マクリーンはほとんど初めてであるこの短編で、以降のスタイルの原型をわずか数ペー ジながら見事に描き切っている。 マクリーンの作品の特色と言うと、自己犠牲という要素が不可欠かもしれない。自らの苦しみをかえりみることなく、あえて苦難に挑むこと事に屈しない男達のドラマである。
そして、マクリーンは常に読者を裏切ろうとする。それは凡百の作家が行う小細工ではなく、堂々たるプロットの転換によって行われる。
なぜこの人物は、こんな事をしたのか?なぜ、こんな状況に至り、こうした結果を出したのか?物語とは、それを知らせる手段に過ぎない。
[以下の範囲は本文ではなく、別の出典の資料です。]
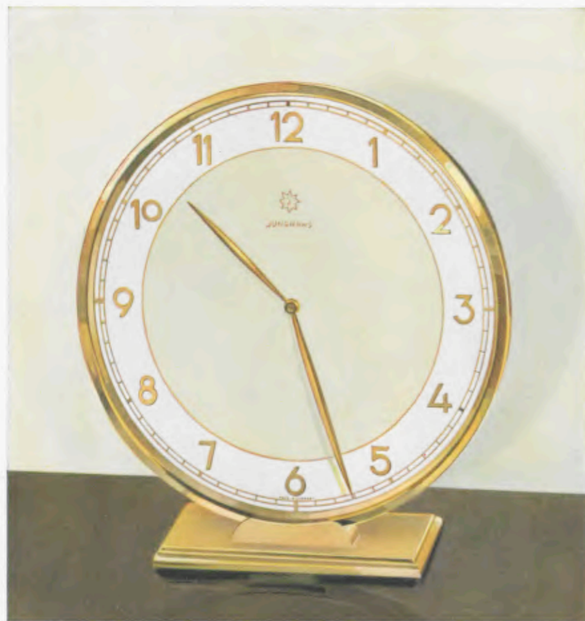
18,5 x 17 cm
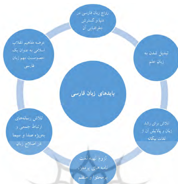
نمودار ۴: بایدهای زبان فارسی در کلام رهبری

اکنون وقت آن فرا رسیده که به بررسی پرسش‌های اصلی پژوهش بپردازیم. ابتدا دوباره پرسش‌های مطرح شده را به ترتیب بیان می‌کنیم؛ سپس، پاسخ هر یک براساس یافته‌های پژوهش ارائه می‌گردد:
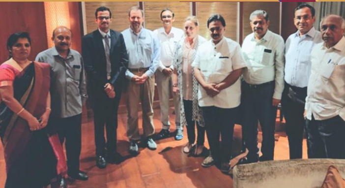
Seshadripuram Academy for Global Excellence (S.A.G.E.)
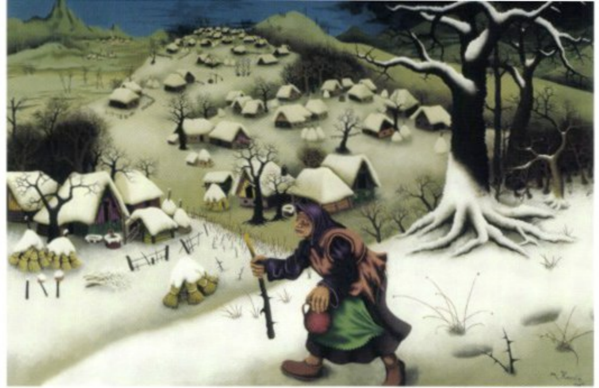
Musterbeispiel für den speziellen Stil der Künstler aus Hlebine: „Frau in Winterlandschaft“ von Mijo Kovačić, Öl auf Glas, 1965.
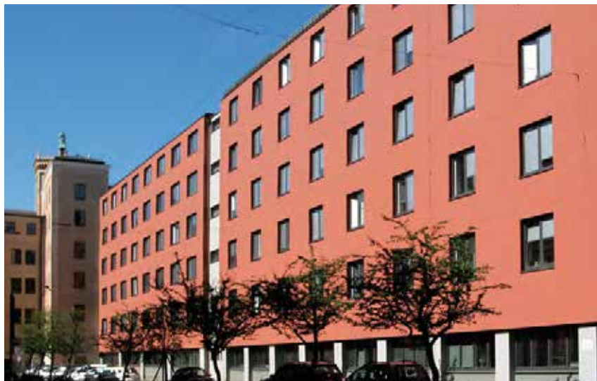
unten: vor der Sanierung ganz unten: nach der Sanierung

Der Rotton der neuen Fassade ist den Arkaden entlehnt und fügt den Bau har-
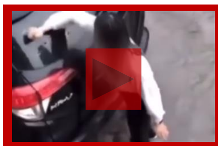
Provocan daños intencionadamente en un vehículo.

De esta manera, 12,3 millones de automovilistas (45%) afirman haber sufrido vandalismo en sus coches en alguna ocasión y 11,7 millones (43%) se han encontrado su coche con daños sin que el otro conductor le haya dejado sus datos.
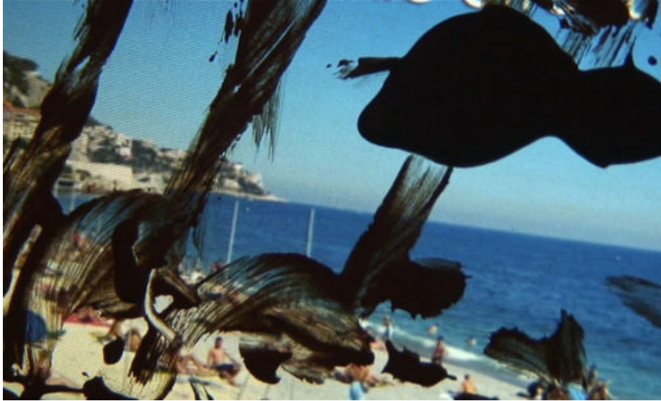
Laure Prouvost, Wantee , 2013.

Ett verk som Years of Thinking in Common (2012) utgår från Villa Charleston där många i Bloomsburygruppen levde sina liv, och där allt i huset är dekorerat från golv till tak. Ett annat verk, Gifts and Occupations (2016), tar fasta på Friedrich Fröbel som var upphovsmannen till kindergarten, barnträdgården. Frøbels pedagogik går ut på att låta barnen komma i kontakt med abstrakt material för att lära sig om sig själva och sin omgivning.
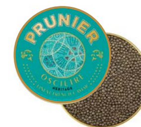
PRUNIER OSCIÈTRE HERITAGE

Prisé pour ses notes crémeuses, qui caressent avec persistance les papilles, ce caviar gourmand a la spécificité d'avoir des grains couleur brun-gris clair de lune.
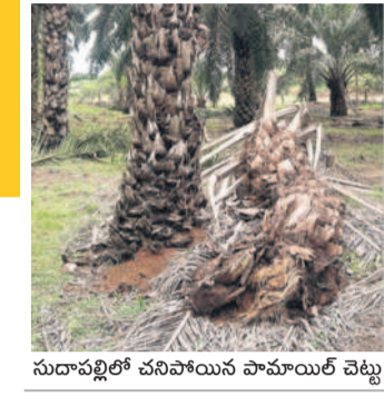
సుపాల్లిలో చనిపోయిన పామాయిల్ చెట్టు

పామాయిల్ సాగు అంటేనే 'పేట' అనేలా.. యిల్ గిలల ధర 2024 నాటికి రూ.18,705కు పడిపోవడం రైతులను దెబ్బతీస్తోంది. పైగా పెరుగుతున్న సాగు ఖర్చులను.. ప్రస్తుత దిగుబడులను బేరిజు వేసినప్పుడు తాము మరింత సస్టైనబుల్ కూరుకుపోతున్నారని రైతులు ఆవేదన వ్యక్తం చేస్తుండడం గమనార్హం.
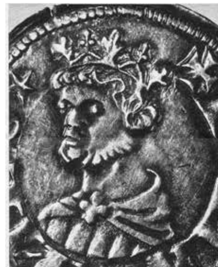
Detail mince s portrétem panovníka
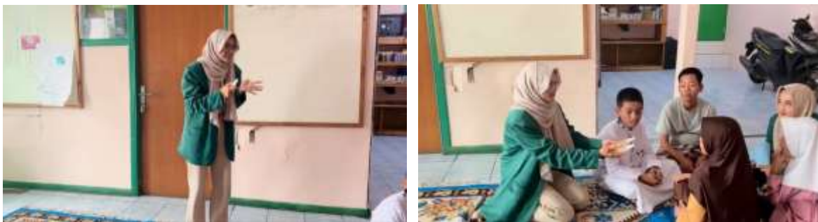
Gambar 5. Edukasi Kesehatan dan Penjelasan Spray Anti Nyamuk Kepada Peserta Panti Asuhan

Pada kegiatan sesi ini peserta diberikan edukasi pemahaman bahwa menjaga kesehatan merupakan bentuk tanggung jawab terhadap diri sendiri dan lingkungan sekitar. Individu yang selalu menjaga kesehatan memiliki kemampuan yang lebih baik untuk beraktifitas seperti belajar, bekerja, dan kontribusi kepada masyarakat. Oleh sebab itu, menjaga kesehatan dapat dipandang menjadi salah satu bentuk implementasi bela negara nonfisik yang bisa dilakukan oleh setiap warga negara. Materi yang disampaikan oleh fasilitator yaitu bahaya penyakit ditularkan melalui nyamuk, pentingnya menjaga kebersihan lingkungan, serta berbagai cara untuk mencegah yang dapat dilakukan dalam kehidupan sehari-hari. Peserta diajak berdiskusi mengenai keharusan kebiasaan menjaga kebersihan lingkungan dan menghadapi gangguan nyamuk terutama penyebab DBD (Utami and Cahyani 2020).
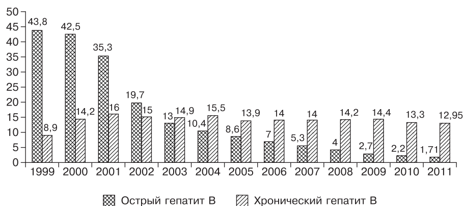
Рис. 1. Заболеваемость острым и хроническим гепатитом В (на 100 000 населения).
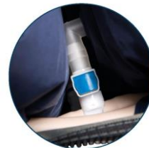
Removable heel cells
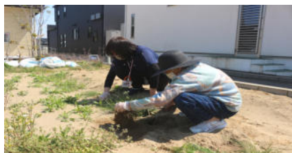
野菜植えに備え、草むしり

また、小屋のそばにある畑では、夏野菜を植えるために利用者の方や職員が草むしりに汗を流しました。広さ約300㎡には、一部にはジャガイモが植えてありますが、これからキュウリ、ナス、トマトなど夏野菜を植える予定です。収穫した野菜はホームの食事に利用します。
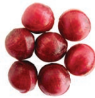
Art.-No.: 217 Wildkirsch-Kugeln Wild cherry balls
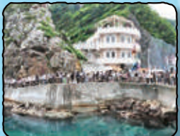
小袖海女センター・夫婦岩

白い灯台 ・若いころの春子が「不満を書きなぐった場所」 ・アキが自転車で飛び込んだ場所 ・最終回でアキとコイが立つ場所
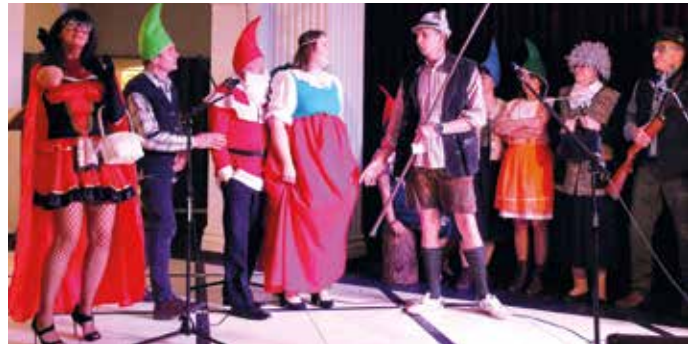
W bajkowym lesie.

Dzień Frelki i Karlusa wspólnymi siłami zorganizowali: Koło Gospodyń Wiejskich i Towarzystwo Przyjaciół Paniówek. jm, fot. J. Miszczyk
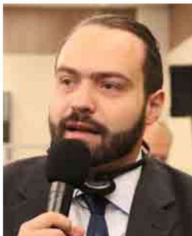
Fabio Massimo Castaldo

Tornando ai singoli eurodeputati produttivi, vanno segnalate le ottime performance degli italiani nella graduatoria generale di tutti i 751 componenti del Parlamento. Castaldo (M5s) è il quinto in assoluto per dichiarazioni in Aula e il settimo per i report presentati (dove sventa
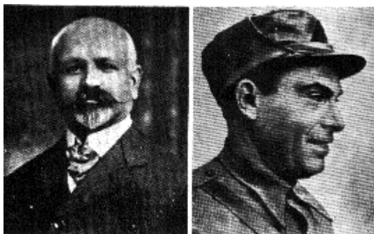
Francisco Ferrer y Guardia y Buenaventura Durruti.

Sería, no obstante, limitar la acción libertaria, si la circunscribiéramos a la simple intervención de los anarquistas en el movimiento obrero. Son centenares las revistas publicadas, los periódicos. Se suman por millares los libros y folletos editados. Desde las Escuelas laicas de Gabarro, a las Escuelas racionalistas que se multiplicaron en España en los años que van de 1915 a 1936, pasando por el ensayo heroico de Ferrer Guardia, que quiso crear una Escuela Moderna en España (ensayo que le costó la vida, ya que fue muerto fusilado por el solo crimen de haber intentado fundar una escuela liberada de la influencia religiosa en un país donde la Iglesia era todopoderosa y su criterio y sus procedimientos impregnados todavía del espíritu de la Inquisición), la labor libertaria fue múltiple, constante y lo abarcó todo, sin descuidar ningún aspecto.
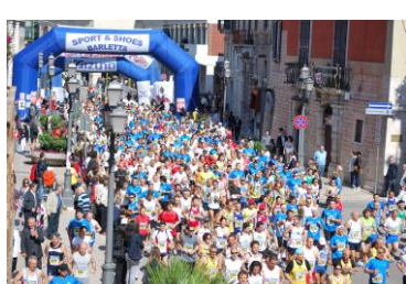
Partenza 9 maggio 2010
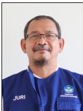
Heru Santoso B.R. PIC KRSBI Beroda
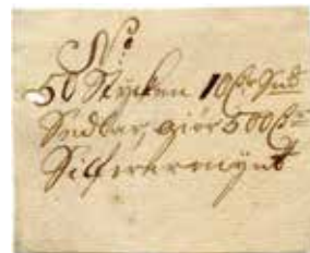
Handskrivna sedlar, 1700-tal.
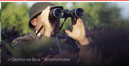
> Охота на дичь

しかし、世の中にはそれを失った物語が あふれている。
「ディリーズ号」は、ヒネりがあるというだけの短編ではない。たった数ページのこの短編にはドラマがあり、人間の生き様が描かれている。老人の苦悩は手に取るようであり、この先の人生や、子供達との関わりを想像するだけで胸が詰まる。
マクリーンは少なくとも最初から「小説で何を語るべきか?」がわかっていたのである。
文章を読み進め、ドラマを知るという面白さを、真の意味で味わわせてくれる短編は、私にとって、この「ディリーズ号」である。